Sure, if Cruz hits and Tejeda survives and Gagne regains his old, unhittable magic, the Rangers can challenge for an American League West division crown they last wore in '99. And if Britney Spears doesn't marry Kevin Federline or have babies or start smoking or go commando or shave her head or check into rehab or ever take off her "oops" schoolgirl skirt she's still smokin' hot, right?

Says Teixeira, "For us, it's a very winnable division."

Ignorance and naïveté be damned, there are positive Ranger vibes from Arizona to Arlington.

In addition to providing his players with a psychological booster chair, Washington promises more stolen bases, sacrifices and manufactured runs, giving Texas a chance to win games not just 11-2, but 3-2.

"Things are about to fucking change around here," Washington says. "We've got a clubhouse full of winners. And we're going to win."

The Rangers re-signed Young, securing the face of the franchise.
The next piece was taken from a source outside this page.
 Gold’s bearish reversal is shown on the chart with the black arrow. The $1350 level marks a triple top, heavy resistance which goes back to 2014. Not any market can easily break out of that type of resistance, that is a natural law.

And they reclaimed and upgraded their house, adding a 1,200-space parking lot, changing the order of pre-game batting practice so fans will have a better chance to catch the home team and, thankfully, ditching that cumbersome corporate partner and its giant, incongruous bell in left field.

The stadium has endured more name changes than Sean Combs/Puff Daddy/P. Diddy/Diddy/Whatever, but trading "Ameriquest Field" for "Rangers Ballpark in Arlington" is a victory.

As is signing Slammin' Sammy, who, at a ridiculously discounted salary, just might provide essential marketing pizzazz and offensive pop.

"If he hits the way he can and the way we think he will," Daniels says, "we've got ourselves a hell of a bargain and a hell of a story."

Honestly, Sosa could help this team by being half the man he used to be. How about .250, 30 homers, 80 RBIs and zero incidents involving loud music, quiet escapes, plugged bats or positive tests?

"There's no reason for me not to hit 40 home runs, even more," Sosa says. "My head is right and my body is right. I've been gone for only a year. I didn't die or something."

To the contrary, Sammy Sosa is very, very much alive.